Hubble Space Telescope Sees Evidence of Water Vapor Venting off Jupiter Moon

NASA’s Hubble Space Telescope has observed water vapor above the frigid south polar region of Jupiter’s moon Europa, providing the first strong evidence of water plumes erupting off the moon’s surface.

This is an artist's concept of a plume of water vapor thought to be ejected off the frigid, icy surface of the Jovian moon Europa, located about 500 million miles (800 million kilometers) from the sun. Image Credit: NASA/ESA/K. Retherford/SWRI.

This is an artist’s concept of a plume of water vapor thought to be ejected off the frigid, icy surface of the Jovian moon Europa, located about 500 million miles (800 million kilometers) from the sun. Image Credit: NASA/ESA/K. Retherford/SWRI.
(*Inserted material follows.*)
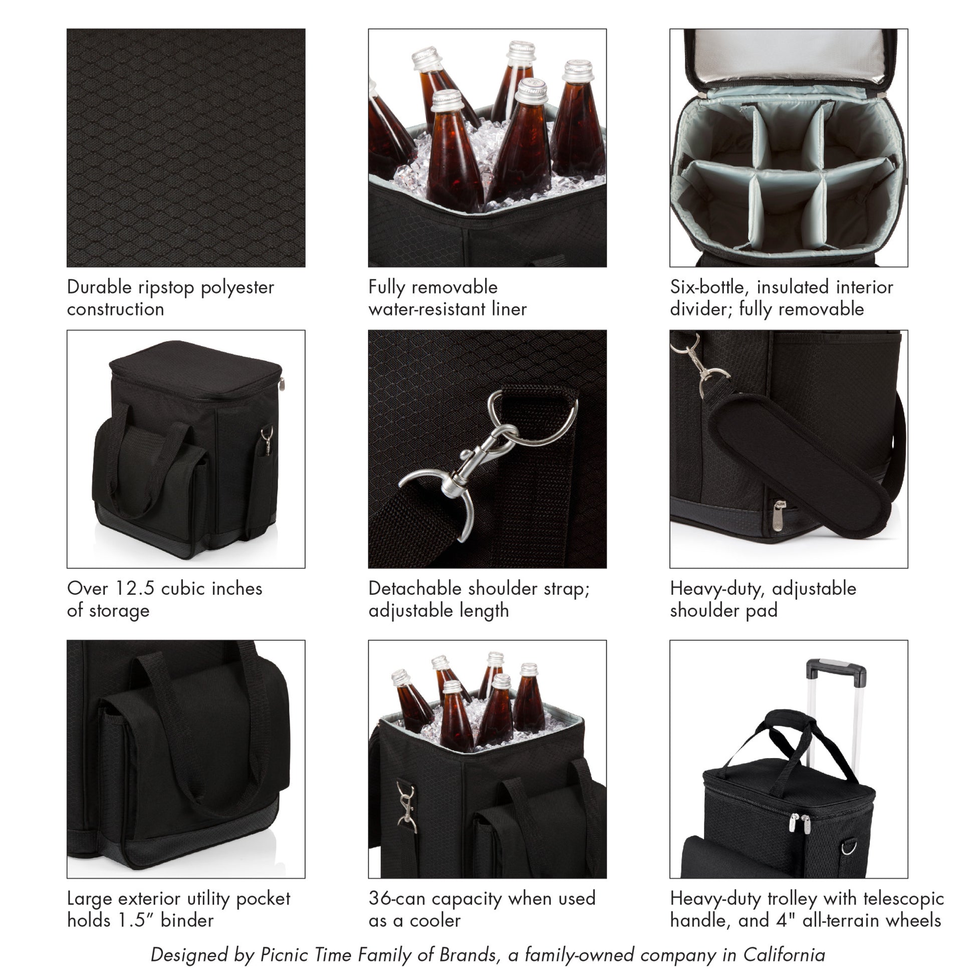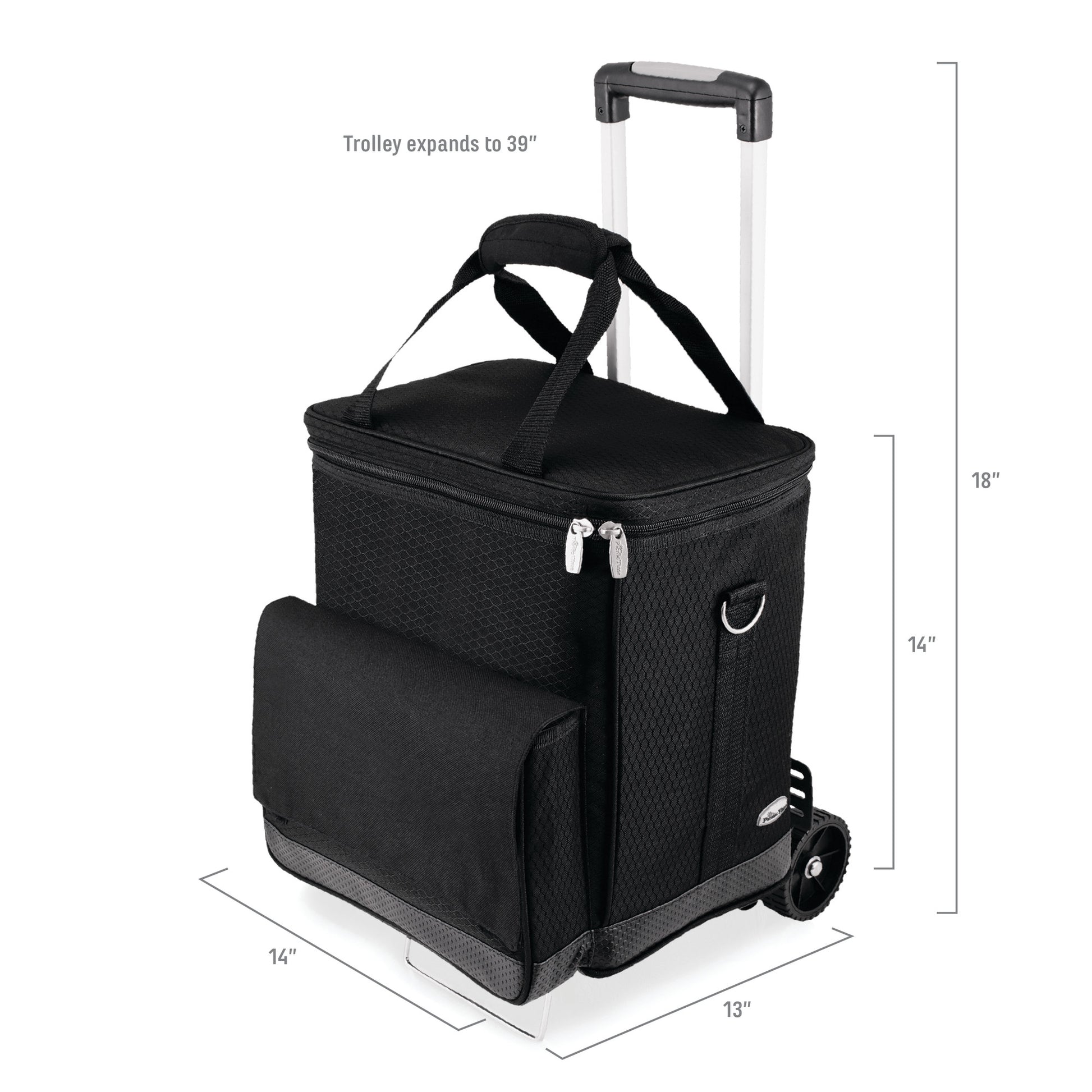 Chromed, heavy-duty trolley with telescopic handle, push-button release and 4" all-terrain wheels, is 39" tall when fully erected, 18" when folded (77 lb. capacity); Durable ripstop polyester exterior with a water-resistant PVC base; Padded, removable interior dividers; Removable water-resistant interior lining; Can be used as a cooler or a 6-bottle wine carrier; Fully-insulated interior; Adjustable shoulder strap with movable pad for utmost comfort; ThermoGuard insulation and a pearlized foil lid help keep your wine or food cool for hours; An extra large gusseted pocket, located on the front exterior, provides added storage for your valuables or other food items

Previous scientific findings from other sources already point to the existence of an ocean located under Europa’s icy crust. Researchers are not yet fully certain whether the detected water vapor is generated by erupting water plumes on the surface, but they are confident this is the most likely explanation.

Should further observations support the finding, this would make Europa the second moon in the solar system known to have water vapor plumes.

“By far the simplest explanation for this water vapor is that it erupted from plumes on the surface of Europa,” said lead author Lorenz Roth of Southwest Research Institute in San Antonio. “If those plumes are connected with the subsurface water ocean we are confident exists under Europa’s crust, then this means that future investigations can directly investigate the chemical makeup of Europa’s potentially habitable environment without drilling through layers of ice. And that is tremendously exciting.”

In 2005, NASA’s Cassini orbiter detected jets of water vapor and dust spewing off the surface of Saturn’s moon Enceladus. Although ice and dust particles have subsequently been found in the Enceladus plumes, only water vapor gases have been measured at Europa so far.

Hubble spectroscopic observations provided the evidence for Europa plumes in December 2012. Time sampling of Europa’s auroral emissions measured by Hubble’s imaging spectrograph enabled the researchers to distinguish between features created by charged particles from Jupiter’s magnetic bubble and plumes from Europa’s surface, and also to rule out more exotic explanations such as serendipitously observing a rare meteorite impact.